I often think that the tools that we use in, in organisational change or in leadership development, whatever, are just a way of creating a common language. We know kind of what we’re talking about, when we’re talking situational leadership, or whatever it might be. Or Myers Briggs or anything, anything like that. It’s just a common language. 

But actually, the real change happens in the influencing and in the work between in the work arounds and in the life world is sometimes called rather than the system. Yeah, I think that’s quite an unnerving idea for a lot of leader. Because I think for a lot of leaders, their worldview, is that there is some kind of universal grand kind of answer. 

Which if they can apply, it will sort of wipe away all the kind of little wrinkles and make everything run smoothly. And of course, actually, that’s just not a human experience just doesn’t work that way, the more they think like that, the more frustrated they get, and of course, I am frustrated that shows up in my relationships with others. So therefore, my deskside manner plummets,

Tony Nicholls 27:32
yes, I become more micromanagement.

James Traeger 27:35
So therefore, you know that what we’re saying is that, if leaders would concentrate on that, that set of relationships as the main thing and not a sub. Then a massive difference would start to show up if that culture of this organisation that they are part of.

Tony Nicholls 27:55
And so I noticed your language, though, James, as well. So you started talking about leaders? Yeah. And I constantly have to bring conversation back to let’s talk about managers because that that is the that’s the narrative that is the Barisan narrative. We always talk we always slip into let’s talk about leaders. And the narrative

James Traeger 28:16
Which is fashionable, as well

Tony Nicholls 28:17
It is fashionable. Yeah. And the narrative would say, we need to focus on the people side of things, we need to talk about relationships. The narrative was that well, that’s about leadership, isn’t it? And I’m going no, it’s about management. It’s about. 

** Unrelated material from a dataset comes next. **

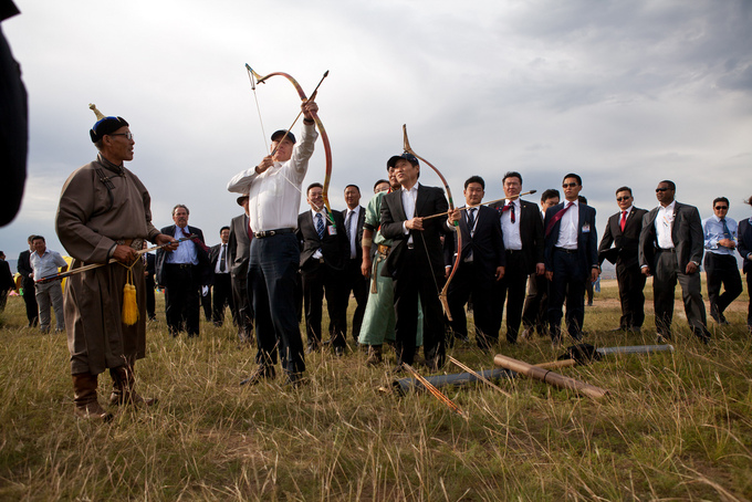 Thủ tướng Mông Cổ Sukhbaatar Batbold (mặc vest đen, cầm cung) nhìn cựu Phó Tổng thống Joe Biden bắn tên trong một màn giao lưu văn hóa ở vùng ngoại ô Ulaanbaatar, Mông Cổ, ngày 22/8/2011. Ảnh: David Liennemann/White House Official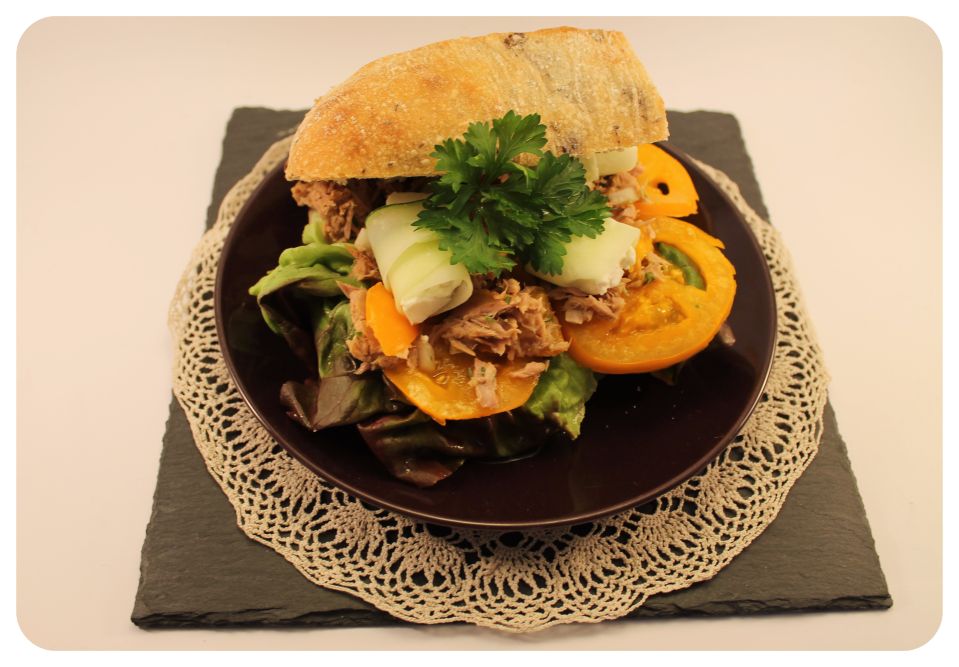Heute hatte ich Lust auf Fisch, besser gesagt auf Thunfisch. Ein paar gelbe Tomaten haben sich auch noch in den Untiefen meines Kühlschranks finden lassen. Da hätte ich ja schon fast alle Zutaten aufgezählt. 😉 Wenn das Wetter eher grau in

At the end of the book, I’d say, look, this whole thing around leadership and management is a red herring. You know, it’s semantics. You know, let’s just talk about leader managers. If we could change the language, I will call as all leader managers, we are all leader managers, because we would, there’s just too much hierarchy and pay grade stuff going on with management. 

But essentially, I keep having to drag you back to let’s talk about management. And management at the coalface of you know, doing the real work in the organizations. Because that’s where it really works. That’s where the rubber hits the ground in terms of effectiveness and delivery.

James Traeger 29:09
So I think we’re probably coming to the end. What kind of final, you know, would you what final messages would you like people to have ringing in their ears?

Tony Nicholls 29:19
Well, if we’re talking about the future of organisations, organising and organisers, then I really. What I really want to put out there is that there’s a different way to develop management capability. Which I think is what Mayvin has been doing for the last 10 years plus. 

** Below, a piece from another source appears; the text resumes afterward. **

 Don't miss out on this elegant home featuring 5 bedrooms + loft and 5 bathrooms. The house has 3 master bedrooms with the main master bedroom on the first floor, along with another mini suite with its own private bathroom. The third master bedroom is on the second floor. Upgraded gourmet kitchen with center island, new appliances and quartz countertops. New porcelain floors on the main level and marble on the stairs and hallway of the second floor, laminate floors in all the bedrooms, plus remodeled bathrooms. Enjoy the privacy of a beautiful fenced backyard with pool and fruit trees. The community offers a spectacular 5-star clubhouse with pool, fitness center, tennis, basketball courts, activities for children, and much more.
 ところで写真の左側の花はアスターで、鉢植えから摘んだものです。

And other organisations, you know, but not many of them. That is about developing a manager’s ability to see themselves as the primary instrument of change. To have a worldview that recognises the fact that the organisation is nothing more than a group of people working together towards a common cause. 

And within that, you’ve got all the messiness of human relationships and culture and human dynamics and group dynamics. That’s the capability I think we should be developing in managers, their ability to see themselves as the instruments of change. To see complexity and see culture and be able to work and intervene with those things in a constructive way.

James Traeger 30:16
Management is the primary instrument of change.

Tony Nicholls 30:19
Absolutely.

James Traeger 30:21
Beautifully put. Thank you very much.